Since the massive withdrawal of donor aid by the US earlier this year, the Gates Foundation has assisted several governments, and most want data and analytics to empower them to determine what they should priotitise.

“The role of philanthropy in a time of both crisis and scarcity is to work closely with countries as they weather this storm and, at the other side, to invest in some of those global public goods that are unlikely to get prioritised by individual countries or even regional bodies at a time of crisis,” said Elias, highlighting the Gates Foundation’s announcement on Monday to invest $912 million in the Global Fund over three years.

US ‘science denial’ is an ‘attack on global health’

Brazil’s Health and Environmental Surveillance Secretary Dr Mariângela Simão.

While several speakers avoided naming the US when lamenting how global priorities have been abandoned and undermined, Brazil’s Health and Environmental Surveillance Secretary, Dr Mariângela Simão, did not mince her words.

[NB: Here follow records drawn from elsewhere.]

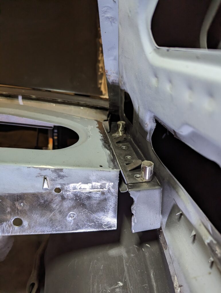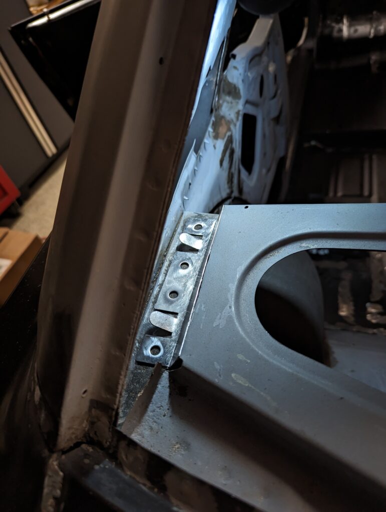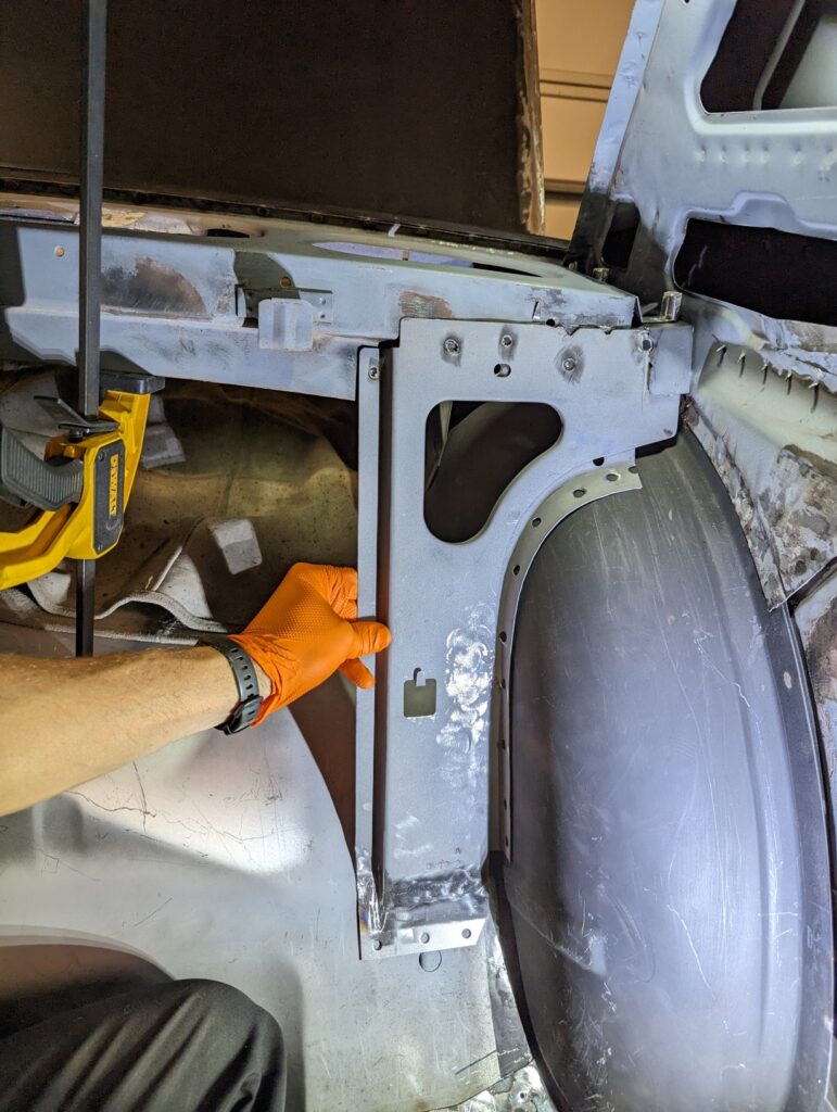 With magnets holding the patch in place I used an inverted clamp to set the height of the package shelf by using the rear seat support bracket as a reference, matching the spot weld holes to their original location on the package shelf.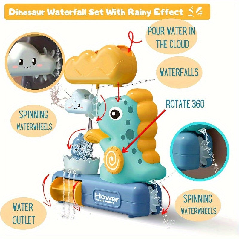 Breng extra plezier in bad met dit interactieve dino douchespeelgoed. Het kleurrijke ontwerp sproeit water als een echte douche en maakt van badtijd een speels en leerzaam moment. Kinderen genieten van de vrolijke dinosauruslook terwijl ze spelenderwijs hun zintuigen ontwikkelen. Ideaal om het badritueel leuker en gemakkelijker te maken, en een geweldig cadeau voor peuters en kleuters.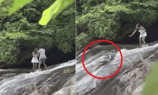 당시 프러포즈 영상이 공개됐는데, 남성이 여자친구를 폭포 꼭대기로 데려가 무릎을 꿇고 반지를 꺼내려고 했고, 감동한 듯 바라보던 여자친구가 남성을 향해 손을 내밀던 찰나에 남성의 발이 미끄러졌다. 여성은 소리를 지르는 등 충격에 빠진 모습이었다.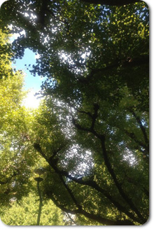 青空のもと、まだ緑の銀杏が輝いて見えました。

“We have attacks on multilateralism. We have attacks on specific countries. And my country is being attacked,” she said.

‘The US government is saying to Brazil that you shouldn’t put in jail in the ex-president [Jair Bolsanero] who tried to do a coup d’etat,” said Simão. 

The US “denial of science” is also an attack on global health, she added. “When denial is becomes a public policy, it affects the world. [There is] an attack on vaccines, and what we see in the Americas is a surge of measles.

“Brazil and our neighbours are all trying to stave off [outbreaks] by boosting up our vaccine coverage. But it doesn’t help when the US says you don’t need to vaccinate newborns against Hepatitis B unless the mother is positive.”

However, Simão said that Brazil, which hosts the next climate COP in Belém later this year, is working on a health action plan that will address how climate impacts on health.

Simão is leading Brazil’s health delegation to the UN after the US restricted Health Minister Alexandre Padilha’s visa to within “five blocks of the UN”. The US has also refused to give visas to the leaders of the Palestinian Authority to attend UNGA.

Preparing for pandemics

Priya Basu, who heads the Pandemic Fund, said there is “huge demand” from countries for support – with demand exceeding available funds five-to seven-fold every time the fund called for proposals.

“We have distributed $7 billion of pandemic prevention, preparedness and response investments across 75 countries in six regions,” said Basu.

These focus on surveillance, laboratory, strengthening workforce, and surge capacity that can be ramped up in crises.

Meanwhile, Felicitas Riedl, director of Innovation and Competitiveness at the European Investment Bank (EIB), said her bank invested in projects that had a “systemic approach” to addressing “health, climate and biosecurity”.